Total RNA was extracted from strain MA5 using the RNAprep pure Cell/Bacteria Kit according to the instructions (Tiangen, China). RNA integrity and concentrations were detected by agarose gel electrophoresis (1% w/v) and an Agilent 2100 BioAnalyzer. Transcriptomic libraries were constructed according to the manufacturer’s instructions, and 2 × 150-bp paired-end sequencing was performed on an Illumina platform at Beijing Novogene Bioinformatics Technology Co., Ltd. The filtered reads were mapped to the annotated genome of strain MA5 using Bowtie2 (Langmead and Salzberg 2012). BAM files were then converted from alignment files using SAMtools v1.3.1 (Li and Durbin 2009). Read counts per gene were collected using HTSeq v0.6.1 (Anders et al. 2015), followed by exploration of the differential expression across pairwise comparisons of the three conditions using DESeq v1.26.0 (Anders and Huber 2010). KEGG enrichment analysis of differentially expressed genes (p value < 0.05) was performed in ClusterProfiler software (Morin et al. 2018), and a heatmap was drawn using TBtools (Chen et al. 2020).
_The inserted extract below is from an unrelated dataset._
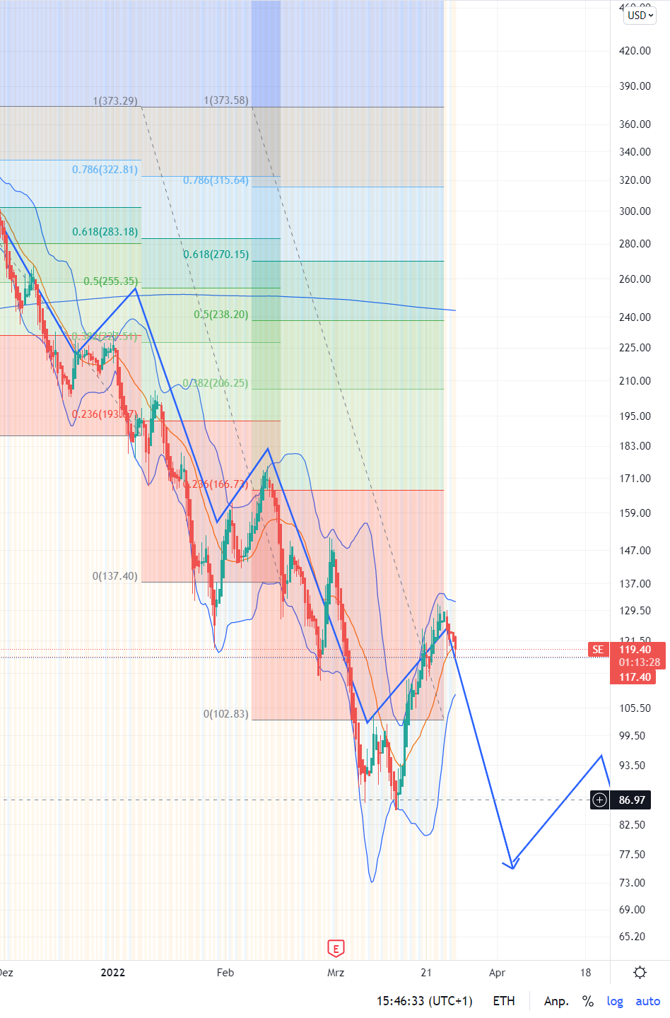 Kurs ist erneut unter die alte Retracekante gefallen, damit steigt wieder die Wahrscheinlichkeit, dass der Kurs weiter der Prognose folgt.

Gene expression level detection by real-time polymerase chain reaction (PCR)

Total RNA was isolated as described above and converted to cDNA using a FastKing RT Kit (Tiangen, China). The expression of target genes was analyzed by real-time PCR with dnaN as the reference gene, and the PCR procedure was set according to the instructions of the PowerUp SYBR Green Master Mix Kit (Thermo, USA). The primers used in this study are listed in Additional file 1: Table S1.

Results

Physiological parameter detection of P. communis MA5

To investigate the characteristics of formic acid metabolism and protein synthesis of strain MA5 in sodium formate stress or different nitrogen sources (organic or inorganic nitrogen), formic acid consumption, biomass and protein content were monitored under selected culture conditions. Compared to the standard culture condition (A: normal sodium formate concentration and organic nitrogen), formic acid consumption and protein content were decreased significantly by 67% and 31.8% in the sodium formate stress treatment (B: sodium formate stress and organic nitrogen), while a 62.5% decrease in growth rate and a 20.4% increase in protein content were observed under the culture conditions with ammonium sulfate instead of yeast extract (C: normal sodium formate concentration and inorganic nitrogen) (Table 1).

Table 1 Physiological parameter detection of strain MA5 under different culture conditions

Extraction and quality analysis of genomic DNA and total RNA from P. communis MA5

For omics analysis, the genomic DNA and total RNA of P. communis MA5 were first extracted and their quality were evaluated. The electrophoresis results revealed that the main bands of genomic DNA and RNA showed almost no degradation (Additional file 1: Figure S1), and RNA integrity was further confirmed by RNA integrity number (RIN) detection (Additional file 1: Table S2, RIN > 8). Moreover, the concentrations of RNA (> 300 ng/μL) and genomic DNA (84.2 ng/μL) both reached the requirements of library construction (Additional file 1: Table S2 and S3). These results suggest that the above samples can be used for whole-genome and transcriptome sequencing.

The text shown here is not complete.